When we in Norway raise our eyebrows and ascertain that we do not want «American conditions» in Norwegian health services, it is hardly the standard of the patient treatment at Stanford Medical Center that we have in mind. This is top notch and actually looks exactly as the health personnel, the patients and politicians in various camps want it to. So how do they achieve this? Can’t we just do it the same way here?

Particularly at the approach of an election we may be left with the impression that «perfect» health services can be had by pulling the right «levers»: professional, organisational, legal or financial. And in Norway we are – at least when seen from the outside – in near-universal agreement as to how these perfect health services should be: strong, publicly funded health services of high quality, with equal availability for all, in which good, professional priorities – at least in theory – guide the services provided to the patients. Nobody wants unnecessary bureaucracy, but we also want professionals to be freed from «administrative» duties. We want minimal queues and short waiting times, combined with freedom of choice for patients, for example a free choice of hospital. We realise that we need an element of private enterprise and (co-)financing of health services and a certain amount of «competitive tendering» – but not to an extent that will threaten the public health services. There is political and professional disagreement, for example over the size of this private element, but little disagreement concerning the general goals.

The problem is, however, that many of the wishes of politicians as well as professionals for good health services are mutually incompatible. Queues and waiting times can disappear, the quality and cost control can be improved. There can be more equality as well as more freedom of choice. There can be fewer administrative staff, or there can be more – if the health personnel want to be relieved of this duty. There can be more professional autonomy for the individual health worker or there can be more universal guidelines that everybody is expected to follow, thus to provide equal treatment to all patients. There can be more continuity in the follow-up of the patients, or there can be more favourable work schedules for health personnel. Anything can be achieved, but not at the same time. Choices and priorities have to be made. We are not referring to simple prioritisations, such as whether or not to permit a new form of cancer treatment. Neither are we referring to how this is perceived as a battle between the good guys and the bad guys, that some are thinking exclusively of money and production, whereas others have only the best interest of the patient in mind. In the most outstanding hospitals in the USA they undoubtedly have the best interest of the patient in mind. But it comes at a cost. A hospitalisation in the USA is on average three times more costly than a hospitalisation in Norway. A stay in an outstanding hospital such as Stanford costs a lot more, but no data are publicly available. When public statistics reveal that US health services are «only» twice as expensive as Norwegian ones, this is for one reason alone: Only a fraction of the population of the USA can make use of top-shelf health services. A large proportion of the population continue to have access to only a bare minimum of health care.
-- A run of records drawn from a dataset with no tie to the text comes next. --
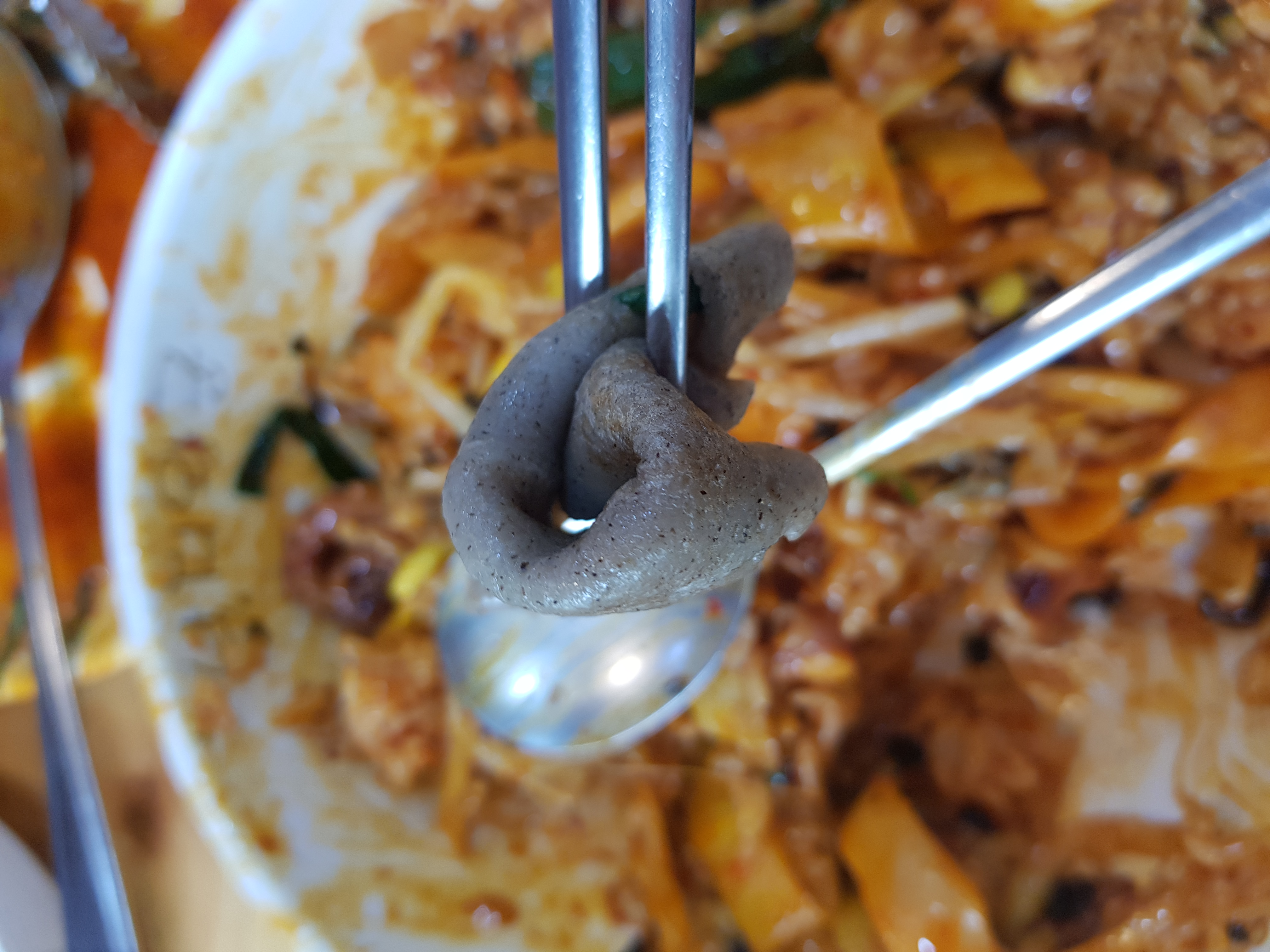 뭔가 양념이 지저분하게 묻어있는
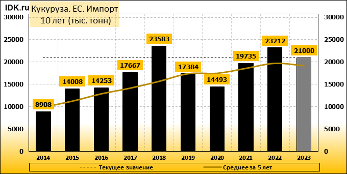 Импорт: составит 21000 тысяч тонн. Значение по прошествии месяца упало на -4.55 процента.
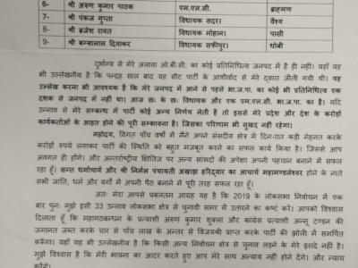 सांसद ने लिखा कि अगर पार्टी ने उन्हें टिकट नहीं दिया तो पार्टी पर ओबीसी की उपेक्षा का जो आरोप लगता है वह सही साबित होगा। उन्होंने लिखा कि उनके अलावा ओबीसी का कोई प्रतिनिधित्व जनपद में है ही नहीं। अगर पार्टी ने मुझे लोकसभा में यहां से टिकट नहीं दिया तो प्रदेश और देश के करोड़ों कार्यकर्ताओं के आहत होने की पूरी आशंका है, जिसका परिणाम सुखद नहीं होगा।
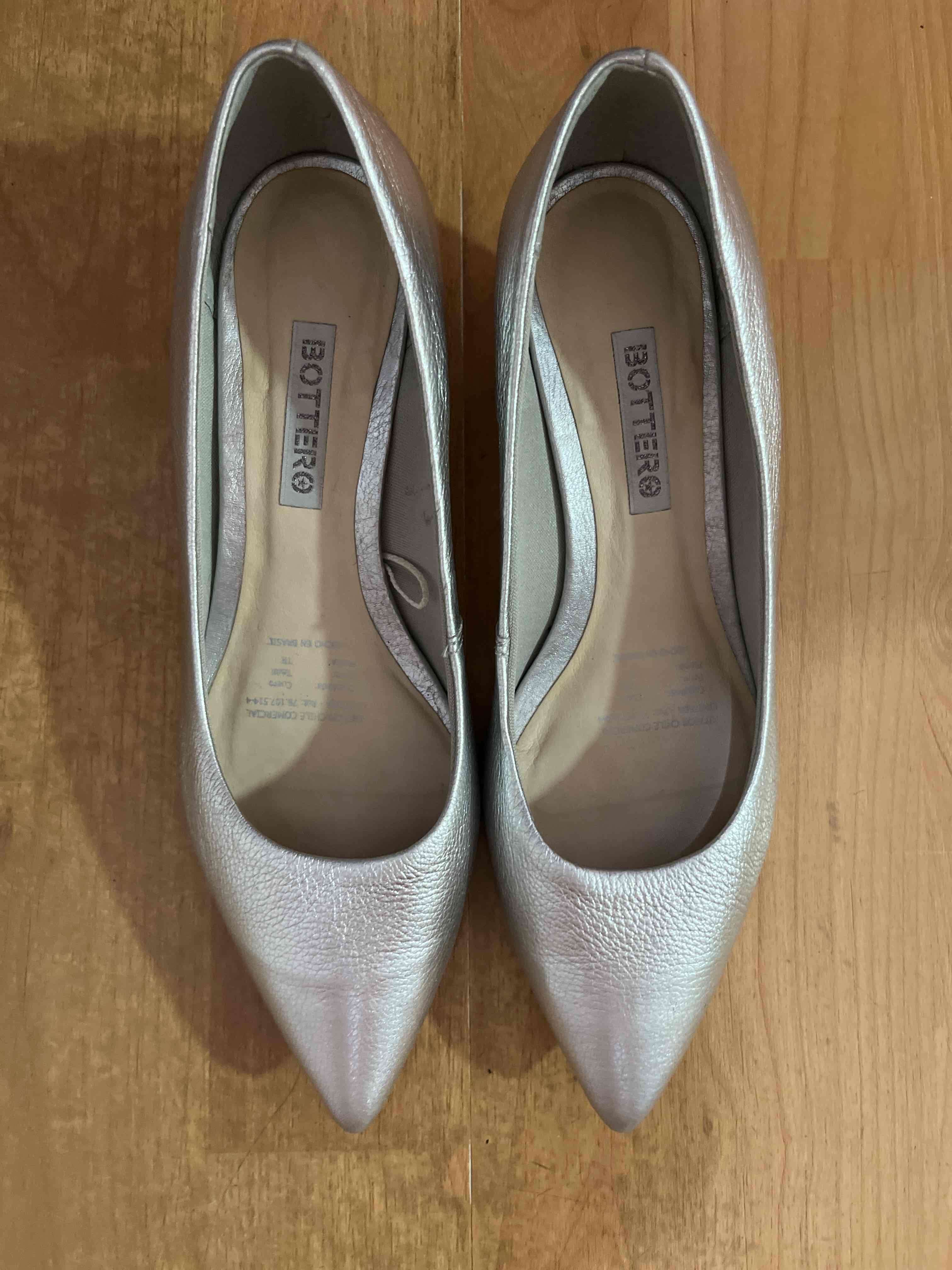 Elegantes zapatos plateados marca Bottero, en buen estado general, ideales para ocasiones especiales.

A real health-policy debate involves finding answers and making choices that would impel the health services in widely different directions. Do we want publicly funded health services that provide everybody with equal treatment options? It is possible, but then the costs – and the range of available options – must be kept under control. Do we want services of the best possible quality? This is also possible, but it will be costly. Then, the available options will depend on individual ability to pay. Norway can have the world’s best health services for individual patients, for the population as a whole or for the health workers – but not for all of them at the same time. That’s wishful thinking.